## Regular Expressions
---

### Introduction
---

A **regular expression** (or **regex**) is a sequence of characters that define a search pattern. 

The language was developed in the 1950s. Examples: 
- used server side to validate the format of email addresses or password during registration
- used for parsing text data files to find, replace or delete certain string

In [1]:
# In python, regexes are supported by the "re" module.
import re

In [42]:
?re

In [2]:
# If the pattern is found, `findall` will return all its instances
print(re.findall('a', 'Natural Language Processing'))

['a', 'a', 'a', 'a']


In [3]:
# If the pattern is not found, `findall` will return an empty list
print(re.findall('a', 'Georgetown University'))

[]


In [4]:
# By default, regular expressions are case sensitive
print(re.findall('A', 'Machine Learning'))

[]


In [5]:
# For find and replace, the function is `sub`
re.sub('Language', 'Gas', 'Natural Language Processing')

'Natural Gas Processing'

### Special characters
---

Character|Description
:---: | ---
`.`|matches any single character, except newline characters
`\w`|matches any single letter, digit or underscore
`\W`|matches any character not part of `\w`
`\s`|matches a single whitespace character like: space, newline, tab, return
`\S`|matches any character not part of `\s`
`\t`|matches tab
`\n`|matches newline
`\r`|matches return
`\d`|matches decimal digit 0-9
`\b`|matches the the beginning or end of a word
`\`|escapes special characters

In [7]:
string = "The quick brown fox jumps over the lazy dog"
re.findall('The qu.ck brown', string)

['The quick brown']

In [8]:
string = "The quick brown fox jumps over the lazy dog"
re.findall('The qu\wck brown', string)

['The quick brown']

In [9]:
string = "The quick brown fox jumps over the lazy dog"
re.findall('The quick\Wbrown', string)

['The quick brown']

In [10]:
string = "The quick brown fox jumps over the lazy dog"
re.findall('The quick\wbrown', string)

[]

In [11]:
string = "2 quick brown foxes jump over the lazy dog"
re.findall('\d', string)

['2']

In [12]:
# for `\b` we need a raw string
string = "The quick brown fox jumps over the lazy dog"
re.findall(r'\bThe\b', string)

['The']

In [13]:
string = "The quick brown fox jumps over the lazy dog."
re.findall('\.', string)

['.']

### Positional characters
---

Character|Description
:---: | ---
`^`|matches a pattern at the start of the string
`$`|matches a pattern at the end of string
`\A`|matches only at the start of the string, works across multiple lines as well

In [15]:
string = "The quick brown fox jumps over the lazy dog"
re.findall('^The', string)

['The']

In [16]:
string = "The quick brown fox jumps over the lazy dog"
re.findall('dog$', string)

['dog']

In [17]:
string = """The quick brown fox jumps over the lazy dog.
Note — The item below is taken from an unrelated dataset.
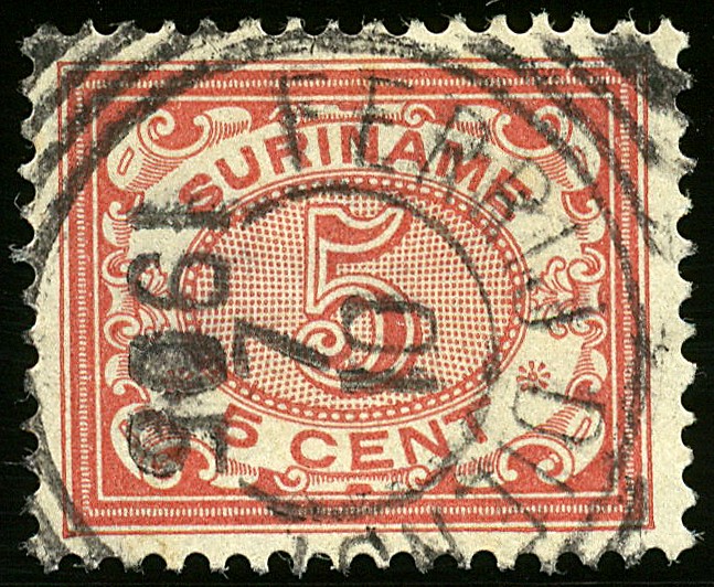 Vierkant FERRIJ DIENST met datum 10-7-1905, waarbij de dag- en maandcijfers kopstaand zijn geplaatst, op 5c nr. 46. Prachtex. met volledige afst. Zie voor kopstaand: ES. deel I blz. 102
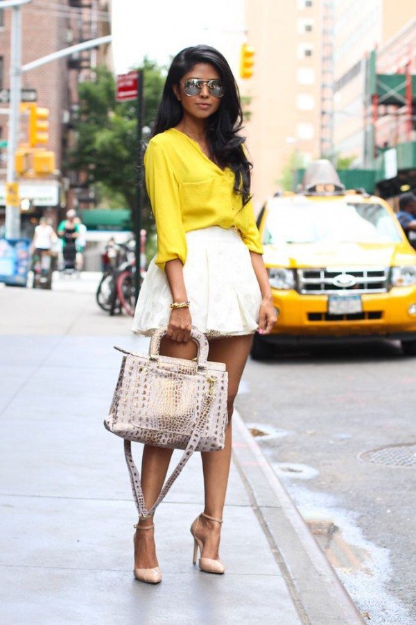 黃白搭配的鞋包,用白色、裸色、棕色是最好的。

The sentence above is an English language pangram."""
re.findall('\AThe', string)

['The']

### Ranges
---

Character|Description
:---: | ---
`[abc]`|matches `a` or `b` or `c`
`[a-zA-Z0-9]`|matches any letter from `a` to `z`, or `A` to `Z`, or `0` to `9`
`[^a-z]`|matches everything besides any letter from `a` to `z`

In [19]:
string = "The quick brown fox jumps over the lazy dog"
re.findall('[xyz]', string)

['x', 'z', 'y']

In [20]:
string = "The quick brown fox jumps over the lazy dog"
re.findall('[x-z]', string)

['x', 'z', 'y']

In [21]:
string = "The quick brown fox jumps over the lazy dog"
re.findall('[^a-w T]', string)

['x', 'z', 'y']

### Repetitions
---

Character|Description
:---: | ---
`+`|checks for 1 or more characters (or group) to its left (greedy)
`*`|checks for 0 or more characters (or group) to its left (greedy)
`?`|checks for 0 or 1 character (or group) to its left
`{x}`|repeat exactly `x` number of times
`{x,}`|repeat at least `x` times or more
`{x, y}`|repeat at least `x` times, but no more than `y` times

In [23]:
string = "The quick brown fox jumps over the lazy moose"
re.findall('mo+', string)

['moo']

In [24]:
string = "The quick brown fox jumps over the lazy moose"
re.findall('mo*', string)

['m', 'moo']

In [25]:
string = "The quick brown fox jumps over the lazy moose"
re.findall('mo?', string)

['m', 'mo']

In [26]:
string = "The quick brown fox jumps over the lazy moose"
re.findall('o{2}', string)

['oo']

In [27]:
# When a special character matches as much of the string as possible, 
# it is said to be a "Greedy Match". It is the normal behavior of a regular 
# expression but sometimes this behavior is not desired:

string = "<h1>This is a header</h1>"
re.findall('<.*>', string)[0]

# The pattern <.*> matches the whole string, right up to the second 
# occurrence of >.

'<h1>This is a header</h1>'

In [28]:
# However, if you only wanted to match the first <h1> tag, we should use 
# the greedy qualifier "*?" which matches as little text as possible.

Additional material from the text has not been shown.